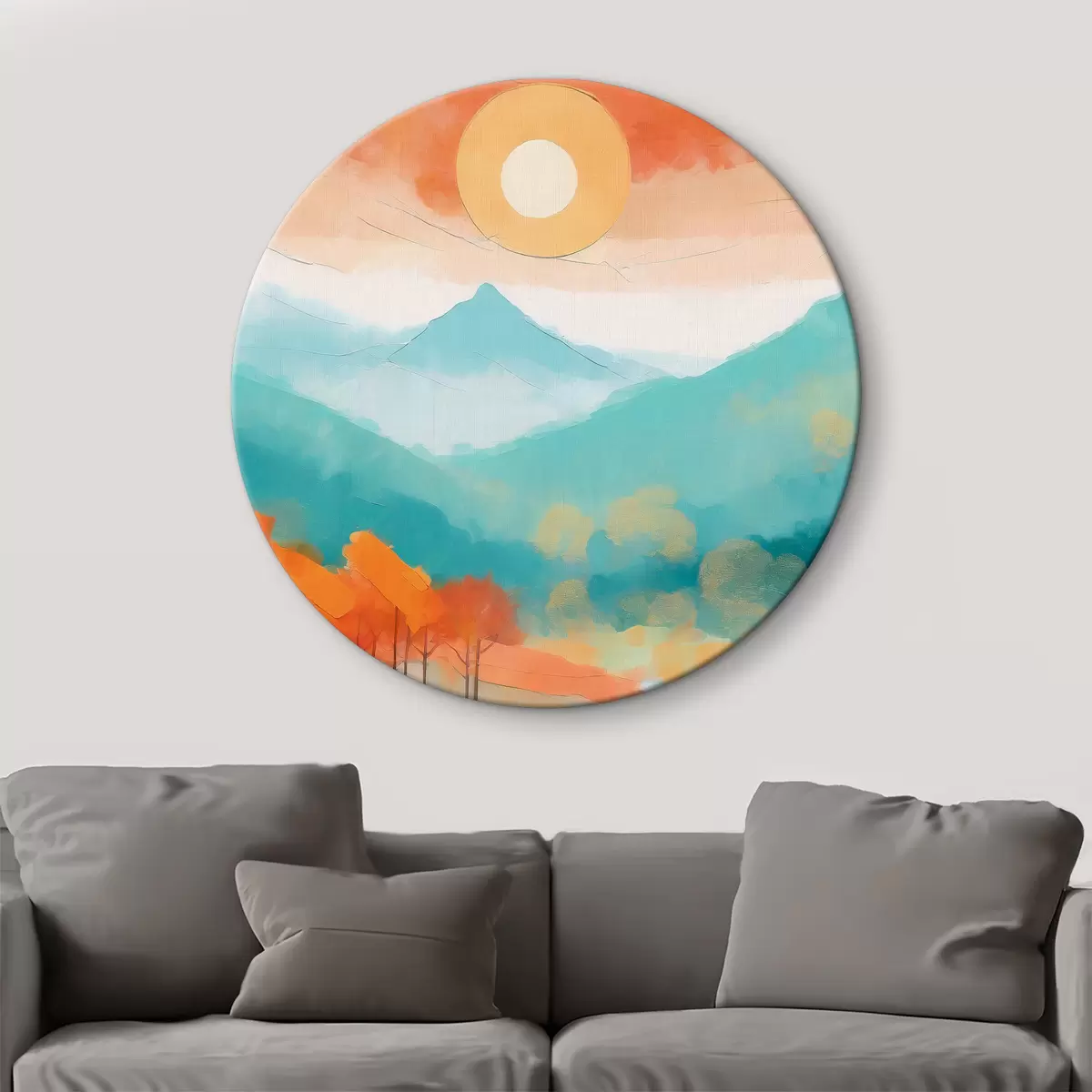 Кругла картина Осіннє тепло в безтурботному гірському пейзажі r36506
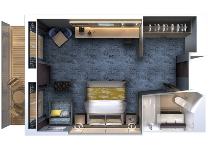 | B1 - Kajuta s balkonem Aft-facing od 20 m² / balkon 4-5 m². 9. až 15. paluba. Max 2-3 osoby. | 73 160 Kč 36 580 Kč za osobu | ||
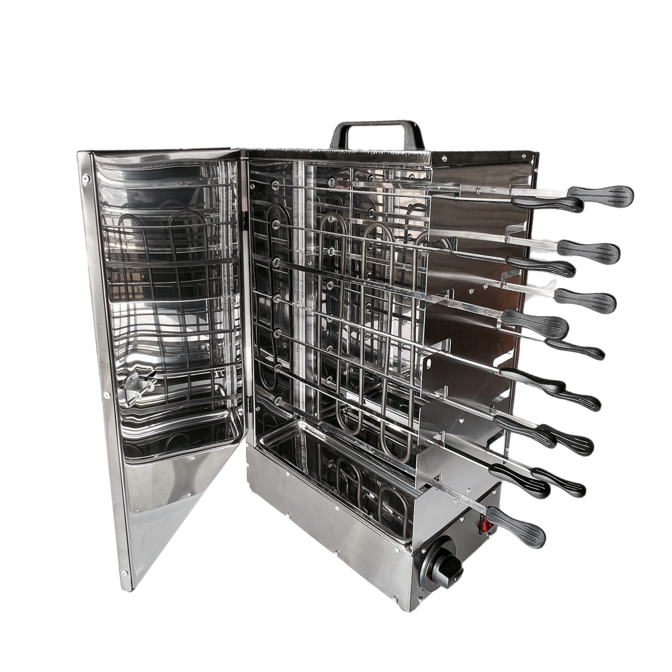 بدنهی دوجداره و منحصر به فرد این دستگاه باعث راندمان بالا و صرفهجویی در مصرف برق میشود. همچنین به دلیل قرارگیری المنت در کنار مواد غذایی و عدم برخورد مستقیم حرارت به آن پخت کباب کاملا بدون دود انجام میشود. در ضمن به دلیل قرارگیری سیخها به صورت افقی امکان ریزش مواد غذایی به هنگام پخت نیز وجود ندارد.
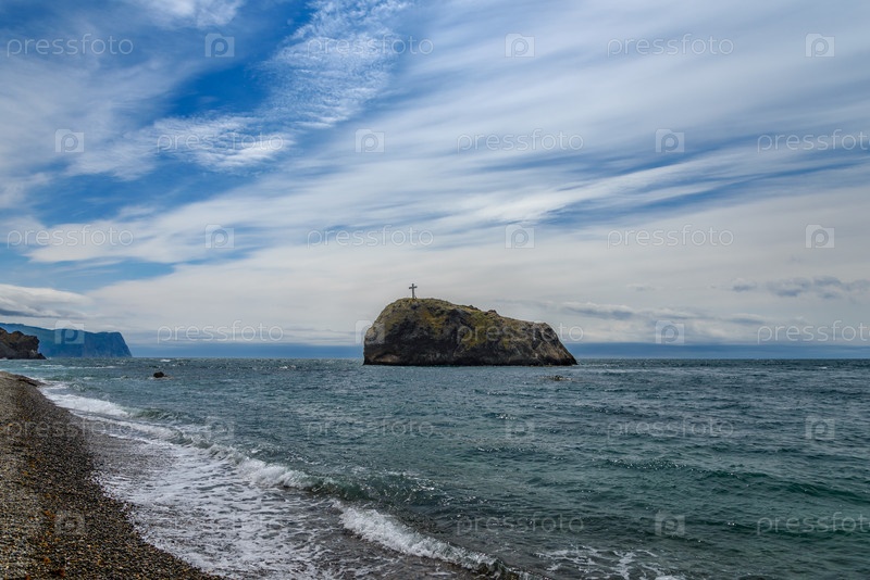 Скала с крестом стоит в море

...

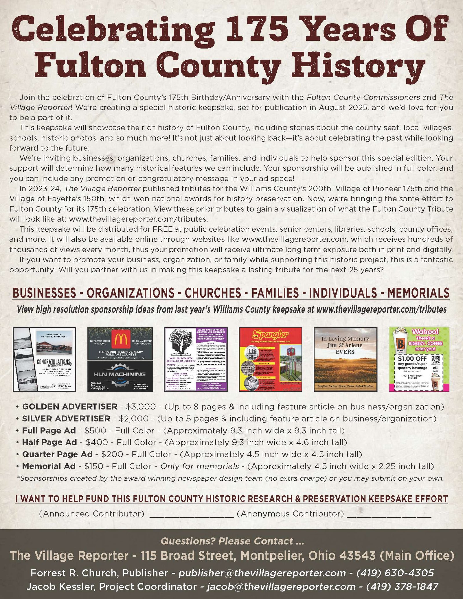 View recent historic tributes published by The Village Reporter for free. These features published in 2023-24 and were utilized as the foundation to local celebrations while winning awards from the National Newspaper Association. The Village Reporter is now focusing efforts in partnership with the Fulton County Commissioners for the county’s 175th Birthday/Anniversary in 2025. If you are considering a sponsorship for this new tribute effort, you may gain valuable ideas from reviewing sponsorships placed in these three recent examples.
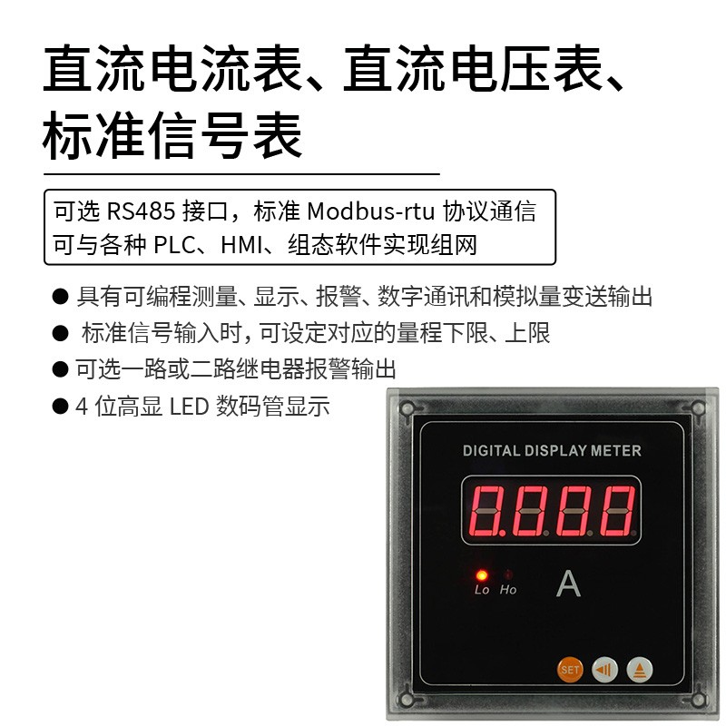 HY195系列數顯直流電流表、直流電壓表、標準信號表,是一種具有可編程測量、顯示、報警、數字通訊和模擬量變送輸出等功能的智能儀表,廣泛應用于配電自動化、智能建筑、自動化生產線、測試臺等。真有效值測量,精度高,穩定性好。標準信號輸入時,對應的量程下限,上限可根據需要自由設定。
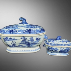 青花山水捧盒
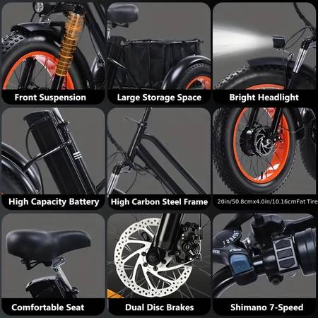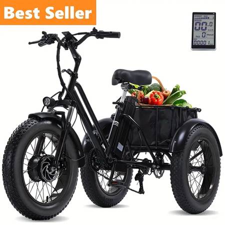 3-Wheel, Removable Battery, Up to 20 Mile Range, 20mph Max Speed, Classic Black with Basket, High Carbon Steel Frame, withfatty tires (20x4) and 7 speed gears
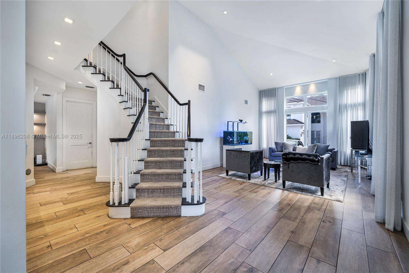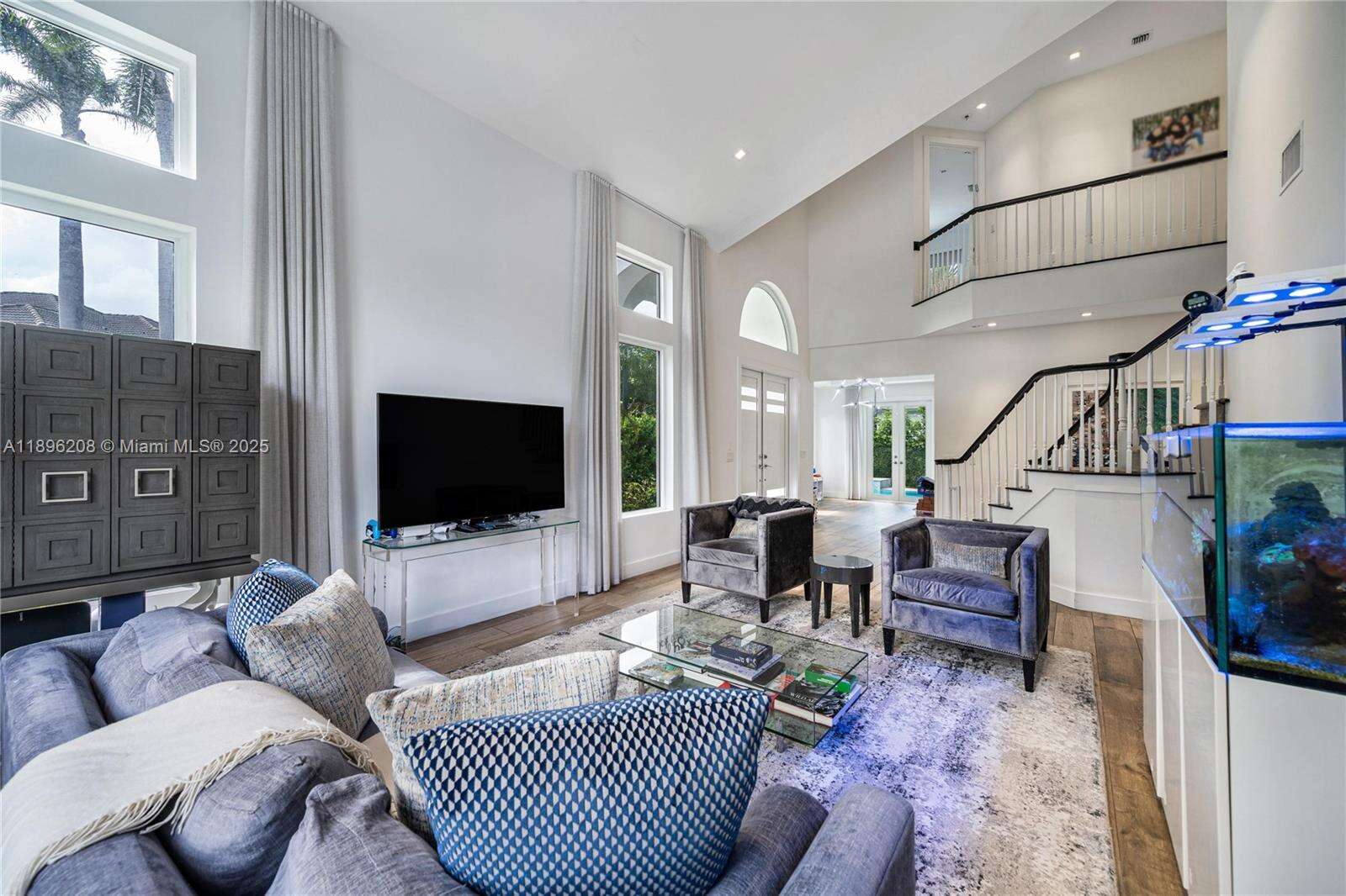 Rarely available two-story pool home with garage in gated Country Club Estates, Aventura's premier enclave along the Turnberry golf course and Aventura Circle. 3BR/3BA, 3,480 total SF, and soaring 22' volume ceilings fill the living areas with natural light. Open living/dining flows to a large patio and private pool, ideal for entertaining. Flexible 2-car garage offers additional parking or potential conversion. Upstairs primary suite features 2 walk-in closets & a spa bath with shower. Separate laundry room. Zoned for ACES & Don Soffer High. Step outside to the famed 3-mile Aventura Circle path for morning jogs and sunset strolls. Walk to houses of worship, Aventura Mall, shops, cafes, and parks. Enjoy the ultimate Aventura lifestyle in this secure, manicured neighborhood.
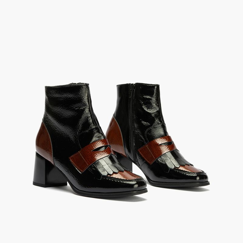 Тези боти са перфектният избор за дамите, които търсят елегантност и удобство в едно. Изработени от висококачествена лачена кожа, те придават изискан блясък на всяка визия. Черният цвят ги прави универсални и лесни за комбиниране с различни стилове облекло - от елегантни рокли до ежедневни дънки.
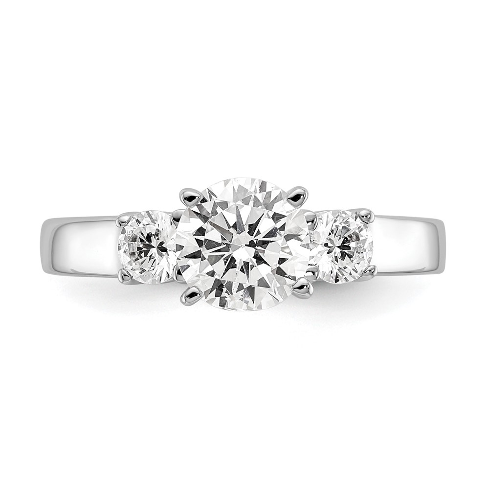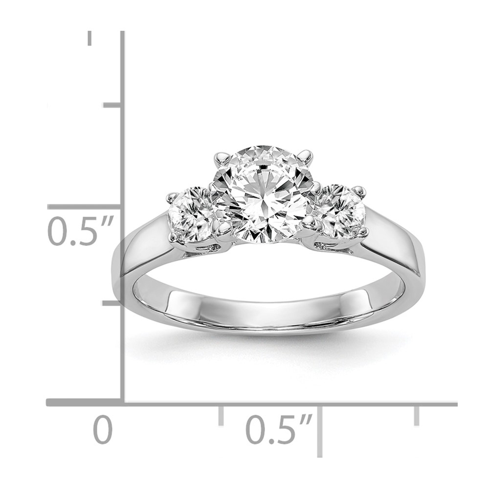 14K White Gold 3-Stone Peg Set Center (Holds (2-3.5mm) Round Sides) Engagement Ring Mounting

--

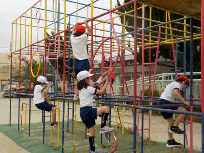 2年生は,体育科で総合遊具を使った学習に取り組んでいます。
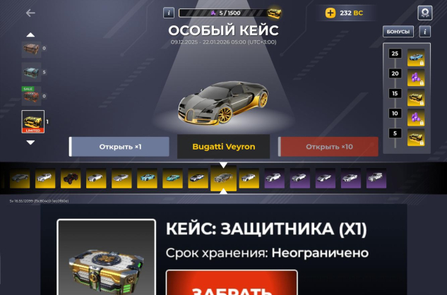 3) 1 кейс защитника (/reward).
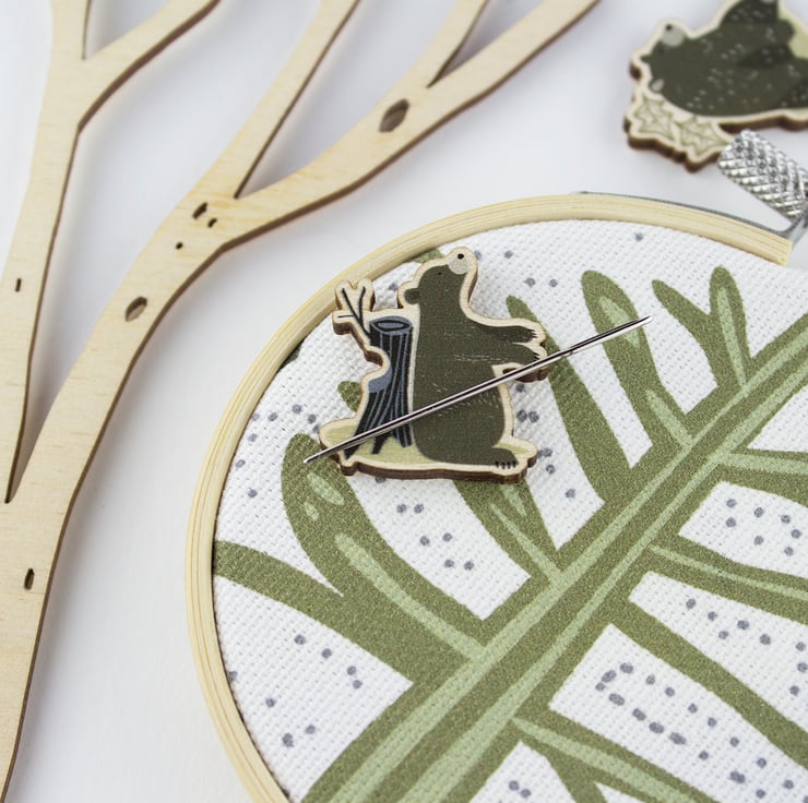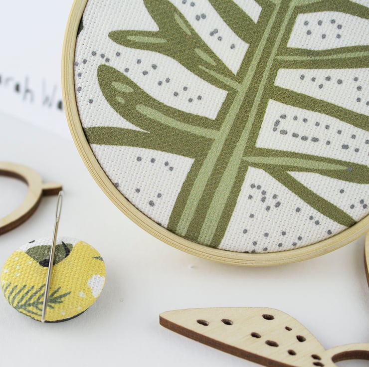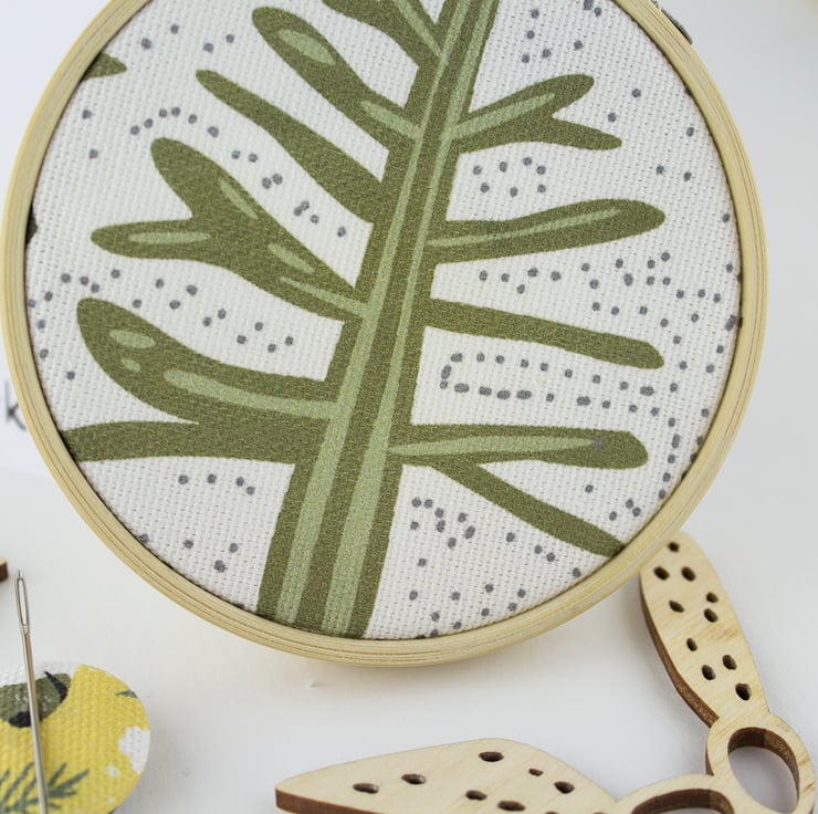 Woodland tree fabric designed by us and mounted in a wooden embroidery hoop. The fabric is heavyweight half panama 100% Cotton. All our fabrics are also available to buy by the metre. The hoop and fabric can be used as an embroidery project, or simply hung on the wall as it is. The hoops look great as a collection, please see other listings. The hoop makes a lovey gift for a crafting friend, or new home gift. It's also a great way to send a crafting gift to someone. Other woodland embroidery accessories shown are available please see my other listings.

Exercise prompt: Everything above from the line that has "Кругла картина Осіннє тепло" down to the line that has "Скала с крестом стоит в море" should be output exactly, with both of those lines included. Leave the pictures behind.

Task solution:
 Кругла картина Осіннє тепло в безтурботному гірському пейзажі r36506
 | B1 - Kajuta s balkonem Aft-facing od 20 m² / balkon 4-5 m². 9. až 15. paluba. Max 2-3 osoby. | 73 160 Kč 36 580 Kč za osobu | ||
 بدنهی دوجداره و منحصر به فرد این دستگاه باعث راندمان بالا و صرفهجویی در مصرف برق میشود. همچنین به دلیل قرارگیری المنت در کنار مواد غذایی و عدم برخورد مستقیم حرارت به آن پخت کباب کاملا بدون دود انجام میشود. در ضمن به دلیل قرارگیری سیخها به صورت افقی امکان ریزش مواد غذایی به هنگام پخت نیز وجود ندارد.
 Скала с крестом стоит в море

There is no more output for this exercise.